4 .jnew(paste("com.nexagis.jawbone.filter", type, sep = "."), word,
ignoreCase)
3 getTermFilter("ContainsFilter", x, TRUE)
2 FUN(X[[1L]], ...)
1 lapply(corpus.documents, function(x) {
x.filter <- getTermFilter("ContainsFilter", x, TRUE)
terms <- getIndexTerms("NOUN", 1, x.filter)
sapply(terms, getLemma) ...
what's wrong?
So this does not address your use of wordnet, but does provide an option for lemmatizing that might work for you (and is better, IMO...). This uses the MorphAdorner API developed at Northwestern University. You can find detailed documentation here. In the code below I'm using their Adorner for Plain Text API.
# MorphAdorner (Northwestern University) web service
adorn <- function(text) {
require(httr)
require(XML)
url <- "http://devadorner.northwestern.edu/maserver/partofspeechtagger"
response <- GET(url,query=list(text=text, media="xml",
xmlOutputType="outputPlainXML",
corpusConfig="ncf", # Nineteenth Century Fiction
includeInputText="false", outputReg="true"))
doc <- content(response,type="text/xml")
words <- doc["//adornedWord"]
xmlToDataFrame(doc,nodes=words)
}
library(tm)
vector.documents <- c("Here is some text.",
"This might possibly be some additional text, but then again, maybe not...",
"This is an abstruse grammatical construction having as it's sole intention the demonstration of MorhAdorner's capability.")
corpus.documents <- Corpus(VectorSource(vector.documents))
lapply(corpus.documents,function(x) adorn(as.character(x)))
# [[1]]
# token spelling standardSpelling lemmata partsOfSpeech
# 1 Here Here Here here av
# 2 is is is be vbz
# 3 some some some some d
# 4 text text text text n1
# 5 . . . . .
# ...
I'm just showing the lemmatization of the first "document". partsOfSpeech follows the NUPOS convention.
This answers your question, but does not really solve your problem.
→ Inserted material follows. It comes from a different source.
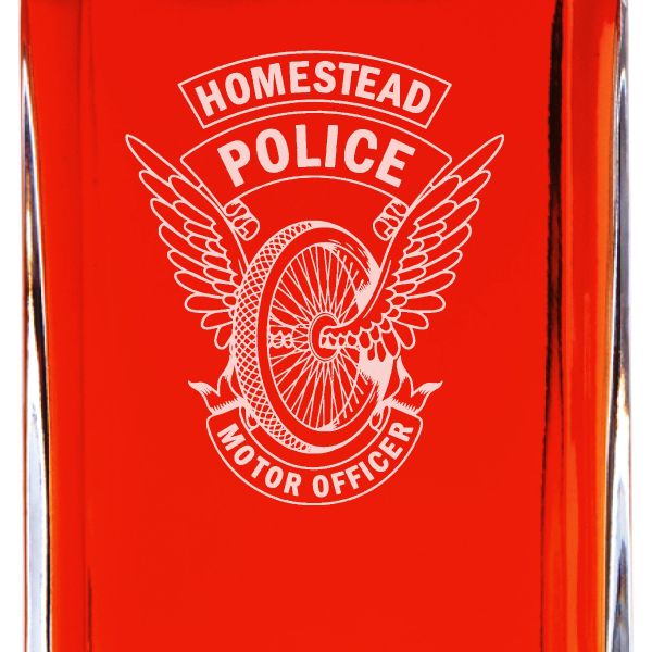 Custom Engraved Police Badges - Personalized Whiskey Decanter Set In Wood Gift Box - Homestead Police Winged Wheel

There is another solution above (different answer) that attempts to provide a solution.
There are several issues with the way you are using the wordnet package, described below, but the bottom line is that even after addressing these, I could not get wordnet to produce anything but gibberish.
First: You can't just install the wordnet package in R, you have to install Wordnet on your computer, or at least download the dictionaries. Then, before you use the package, you need to run initDict("path to wordnet dictionaries").
Second: It looks like getTermFilter(...) expects a character argument for x. The way you have it set up, you are passing an object of type PlainTextDocument. So you need to use as.character(x) to convert that to it's contained text, or you get the java error in your question.
Third: It looks like getTermFilter(...) expects single words (or phrases). For instance, if you pass "This is a phrase" to getTermFilter(...) it will look up "This is a phrase" in the dictionary. It will not find it of course, so getIndexTerms(...) returns NULL and getLemma(...) fails... So you have to parse the text of your PlainTextDocument into words first.
Finally, I'm not sure it's a good idea to remove punctuation. For instance "it's" will be converted to "its" but these are different words with different meanings, and they lemmatize differently.
Rolling all this up:
library(tm)
vector.documents <- c("This is a line of text.", "This is another one.")
corpus.documents <- Corpus(VectorSource(vector.documents))
corpus.documents <- tm_map(corpus.documents, removePunctuation)
library(wordnet)
initDict("C:/Program Files (x86)/WordNet/2.1/dict")
lapply(corpus.documents,function(x){
sapply(unlist(strsplit(as.character(x),"[[:space:]]+")), function(word) {
x.filter <- getTermFilter("StartsWithFilter", word, TRUE)
terms <- getIndexTerms("NOUN",1,x.filter)
if(!is.null(terms)) sapply(terms,getLemma)
})
})
# [[1]]
# This is a line of text
# "thistle" "isaac" "a" "line" "off-axis reflector" "text"
As you can see, the output is still gibberish. "This" is lemmatized as "thistle" and so on. It may be that I have the dictionaries configured improperly, so you might have better luck. If you are committed to wordnet, for some reason, I suggest you contact the package authors.